Information provided »

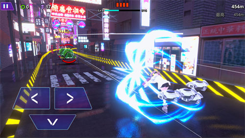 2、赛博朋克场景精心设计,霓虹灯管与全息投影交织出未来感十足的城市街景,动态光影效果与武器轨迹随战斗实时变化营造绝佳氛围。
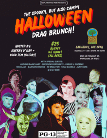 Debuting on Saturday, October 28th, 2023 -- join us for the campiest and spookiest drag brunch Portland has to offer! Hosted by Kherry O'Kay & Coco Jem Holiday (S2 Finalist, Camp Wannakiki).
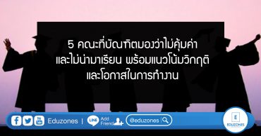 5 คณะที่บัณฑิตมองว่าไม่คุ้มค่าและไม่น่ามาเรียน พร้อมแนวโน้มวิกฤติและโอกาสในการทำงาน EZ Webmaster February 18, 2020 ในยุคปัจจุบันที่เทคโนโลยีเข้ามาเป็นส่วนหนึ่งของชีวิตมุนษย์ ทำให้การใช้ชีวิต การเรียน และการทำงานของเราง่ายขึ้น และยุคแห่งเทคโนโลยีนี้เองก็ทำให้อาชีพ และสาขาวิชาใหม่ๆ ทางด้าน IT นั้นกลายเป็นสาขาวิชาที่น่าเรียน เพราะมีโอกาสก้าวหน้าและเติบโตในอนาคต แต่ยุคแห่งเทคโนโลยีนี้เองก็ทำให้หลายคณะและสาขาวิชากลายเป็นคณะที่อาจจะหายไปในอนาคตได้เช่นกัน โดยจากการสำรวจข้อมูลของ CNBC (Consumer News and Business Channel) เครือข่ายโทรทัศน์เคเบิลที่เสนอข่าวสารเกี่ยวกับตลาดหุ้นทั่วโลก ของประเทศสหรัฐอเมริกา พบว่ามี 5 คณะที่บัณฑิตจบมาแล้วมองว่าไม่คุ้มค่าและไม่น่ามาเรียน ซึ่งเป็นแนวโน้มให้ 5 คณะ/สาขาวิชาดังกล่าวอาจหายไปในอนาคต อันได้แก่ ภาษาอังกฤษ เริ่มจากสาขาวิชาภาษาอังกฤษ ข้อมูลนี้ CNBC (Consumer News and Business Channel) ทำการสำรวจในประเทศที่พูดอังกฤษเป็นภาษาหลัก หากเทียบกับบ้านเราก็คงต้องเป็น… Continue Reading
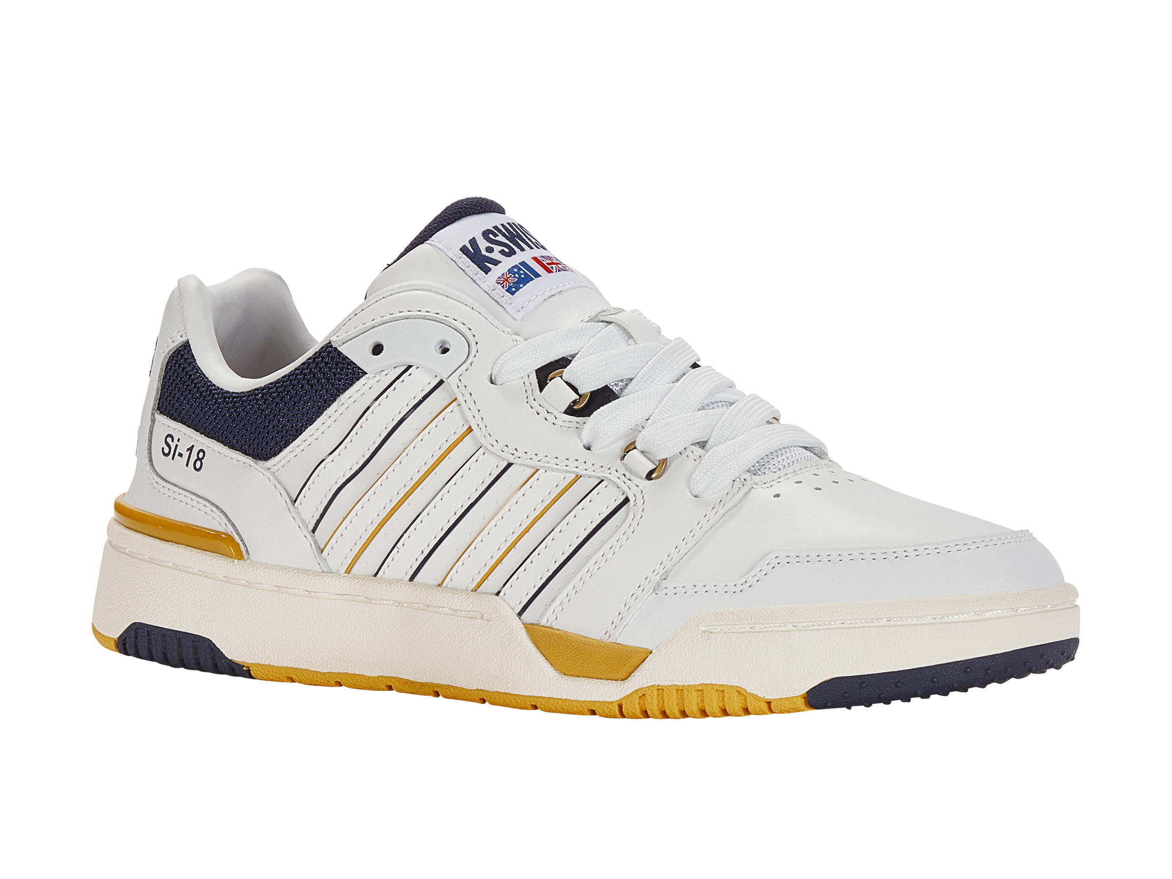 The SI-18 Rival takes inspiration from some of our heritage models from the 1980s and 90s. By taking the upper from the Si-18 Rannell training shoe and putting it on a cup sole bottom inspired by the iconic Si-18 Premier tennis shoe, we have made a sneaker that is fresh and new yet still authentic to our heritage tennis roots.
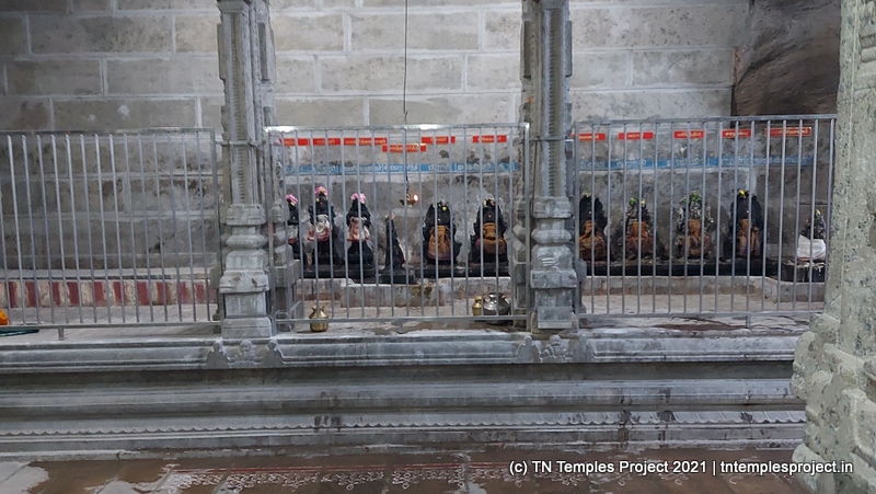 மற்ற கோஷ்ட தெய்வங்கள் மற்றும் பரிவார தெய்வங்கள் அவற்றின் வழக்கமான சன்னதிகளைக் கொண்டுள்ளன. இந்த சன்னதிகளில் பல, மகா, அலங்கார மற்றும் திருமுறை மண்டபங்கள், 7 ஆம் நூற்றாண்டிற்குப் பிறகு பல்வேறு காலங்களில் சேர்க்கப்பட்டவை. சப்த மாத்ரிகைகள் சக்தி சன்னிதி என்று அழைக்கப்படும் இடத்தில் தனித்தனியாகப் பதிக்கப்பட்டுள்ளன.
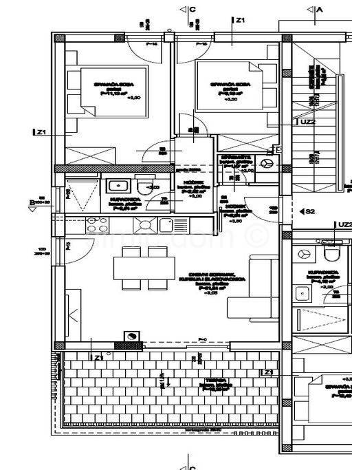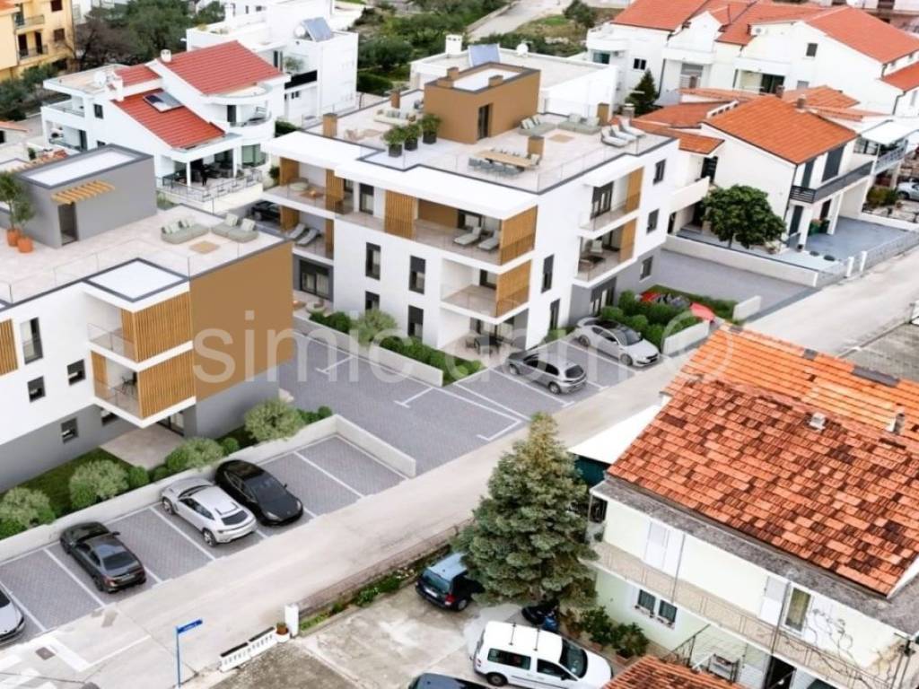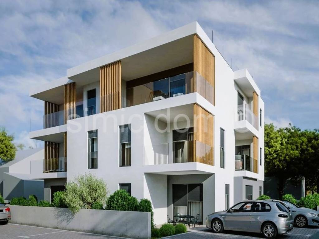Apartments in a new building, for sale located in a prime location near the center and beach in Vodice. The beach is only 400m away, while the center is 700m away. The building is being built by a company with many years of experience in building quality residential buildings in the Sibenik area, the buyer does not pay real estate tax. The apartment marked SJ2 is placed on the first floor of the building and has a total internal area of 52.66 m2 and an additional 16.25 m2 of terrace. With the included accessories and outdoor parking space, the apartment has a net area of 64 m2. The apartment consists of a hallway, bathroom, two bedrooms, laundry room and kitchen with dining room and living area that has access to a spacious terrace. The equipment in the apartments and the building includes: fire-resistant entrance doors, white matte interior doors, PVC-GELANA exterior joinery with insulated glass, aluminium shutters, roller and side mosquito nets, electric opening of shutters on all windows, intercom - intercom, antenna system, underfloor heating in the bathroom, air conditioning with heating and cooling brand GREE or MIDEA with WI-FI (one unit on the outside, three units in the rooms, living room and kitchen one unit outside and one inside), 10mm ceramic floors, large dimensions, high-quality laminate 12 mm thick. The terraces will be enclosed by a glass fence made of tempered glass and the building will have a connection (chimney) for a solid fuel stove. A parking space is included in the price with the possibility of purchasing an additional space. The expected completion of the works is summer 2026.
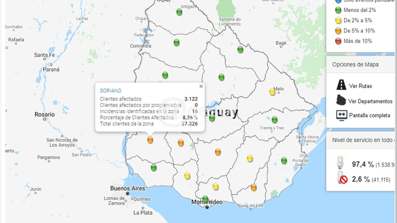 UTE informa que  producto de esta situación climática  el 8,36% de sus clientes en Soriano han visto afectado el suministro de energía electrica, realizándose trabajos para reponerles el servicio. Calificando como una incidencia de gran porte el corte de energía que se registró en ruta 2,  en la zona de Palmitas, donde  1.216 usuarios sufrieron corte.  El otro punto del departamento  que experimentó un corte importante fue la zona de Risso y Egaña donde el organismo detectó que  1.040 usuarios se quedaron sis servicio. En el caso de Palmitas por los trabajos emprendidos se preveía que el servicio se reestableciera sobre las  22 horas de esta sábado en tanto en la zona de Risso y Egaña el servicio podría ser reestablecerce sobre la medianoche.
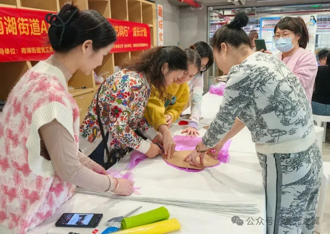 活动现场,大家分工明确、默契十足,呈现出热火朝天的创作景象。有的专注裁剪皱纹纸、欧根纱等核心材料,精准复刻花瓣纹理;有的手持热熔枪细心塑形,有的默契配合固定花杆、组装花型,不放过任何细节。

Exercise objective »
Pictures don't belong in the copy. Transcribe every record exactly as it appears.

Written response »
 2、赛博朋克场景精心设计,霓虹灯管与全息投影交织出未来感十足的城市街景,动态光影效果与武器轨迹随战斗实时变化营造绝佳氛围。
 Debuting on Saturday, October 28th, 2023 -- join us for the campiest and spookiest drag brunch Portland has to offer! Hosted by Kherry O'Kay & Coco Jem Holiday (S2 Finalist, Camp Wannakiki).
 5 คณะที่บัณฑิตมองว่าไม่คุ้มค่าและไม่น่ามาเรียน พร้อมแนวโน้มวิกฤติและโอกาสในการทำงาน EZ Webmaster February 18, 2020 ในยุคปัจจุบันที่เทคโนโลยีเข้ามาเป็นส่วนหนึ่งของชีวิตมุนษย์ ทำให้การใช้ชีวิต การเรียน และการทำงานของเราง่ายขึ้น และยุคแห่งเทคโนโลยีนี้เองก็ทำให้อาชีพ และสาขาวิชาใหม่ๆ ทางด้าน IT นั้นกลายเป็นสาขาวิชาที่น่าเรียน เพราะมีโอกาสก้าวหน้าและเติบโตในอนาคต แต่ยุคแห่งเทคโนโลยีนี้เองก็ทำให้หลายคณะและสาขาวิชากลายเป็นคณะที่อาจจะหายไปในอนาคตได้เช่นกัน โดยจากการสำรวจข้อมูลของ CNBC (Consumer News and Business Channel) เครือข่ายโทรทัศน์เคเบิลที่เสนอข่าวสารเกี่ยวกับตลาดหุ้นทั่วโลก ของประเทศสหรัฐอเมริกา พบว่ามี 5 คณะที่บัณฑิตจบมาแล้วมองว่าไม่คุ้มค่าและไม่น่ามาเรียน ซึ่งเป็นแนวโน้มให้ 5 คณะ/สาขาวิชาดังกล่าวอาจหายไปในอนาคต อันได้แก่ ภาษาอังกฤษ เริ่มจากสาขาวิชาภาษาอังกฤษ ข้อมูลนี้ CNBC (Consumer News and Business Channel) ทำการสำรวจในประเทศที่พูดอังกฤษเป็นภาษาหลัก หากเทียบกับบ้านเราก็คงต้องเป็น… Continue Reading
 The SI-18 Rival takes inspiration from some of our heritage models from the 1980s and 90s. By taking the upper from the Si-18 Rannell training shoe and putting it on a cup sole bottom inspired by the iconic Si-18 Premier tennis shoe, we have made a sneaker that is fresh and new yet still authentic to our heritage tennis roots.
 மற்ற கோஷ்ட தெய்வங்கள் மற்றும் பரிவார தெய்வங்கள் அவற்றின் வழக்கமான சன்னதிகளைக் கொண்டுள்ளன. இந்த சன்னதிகளில் பல, மகா, அலங்கார மற்றும் திருமுறை மண்டபங்கள், 7 ஆம் நூற்றாண்டிற்குப் பிறகு பல்வேறு காலங்களில் சேர்க்கப்பட்டவை. சப்த மாத்ரிகைகள் சக்தி சன்னிதி என்று அழைக்கப்படும் இடத்தில் தனித்தனியாகப் பதிக்கப்பட்டுள்ளன.
Apartments in a new building, for sale located in a prime location near the center and beach in Vodice. The beach is only 400m away, while the center is 700m away. The building is being built by a company with many years of experience in building quality residential buildings in the Sibenik area, the buyer does not pay real estate tax. The apartment marked SJ2 is placed on the first floor of the building and has a total internal area of 52.66 m2 and an additional 16.25 m2 of terrace. With the included accessories and outdoor parking space, the apartment has a net area of 64 m2. The apartment consists of a hallway, bathroom, two bedrooms, laundry room and kitchen with dining room and living area that has access to a spacious terrace. The equipment in the apartments and the building includes: fire-resistant entrance doors, white matte interior doors, PVC-GELANA exterior joinery with insulated glass, aluminium shutters, roller and side mosquito nets, electric opening of shutters on all windows, intercom - intercom, antenna system, underfloor heating in the bathroom, air conditioning with heating and cooling brand GREE or MIDEA with WI-FI (one unit on the outside, three units in the rooms, living room and kitchen one unit outside and one inside), 10mm ceramic floors, large dimensions, high-quality laminate 12 mm thick. The terraces will be enclosed by a glass fence made of tempered glass and the building will have a connection (chimney) for a solid fuel stove. A parking space is included in the price with the possibility of purchasing an additional space. The expected completion of the works is summer 2026.
 UTE informa que  producto de esta situación climática  el 8,36% de sus clientes en Soriano han visto afectado el suministro de energía electrica, realizándose trabajos para reponerles el servicio. Calificando como una incidencia de gran porte el corte de energía que se registró en ruta 2,  en la zona de Palmitas, donde  1.216 usuarios sufrieron corte.  El otro punto del departamento  que experimentó un corte importante fue la zona de Risso y Egaña donde el organismo detectó que  1.040 usuarios se quedaron sis servicio. En el caso de Palmitas por los trabajos emprendidos se preveía que el servicio se reestableciera sobre las  22 horas de esta sábado en tanto en la zona de Risso y Egaña el servicio podría ser reestablecerce sobre la medianoche.
 活动现场,大家分工明确、默契十足,呈现出热火朝天的创作景象。有的专注裁剪皱纹纸、欧根纱等核心材料,精准复刻花瓣纹理;有的手持热熔枪细心塑形,有的默契配合固定花杆、组装花型,不放过任何细节。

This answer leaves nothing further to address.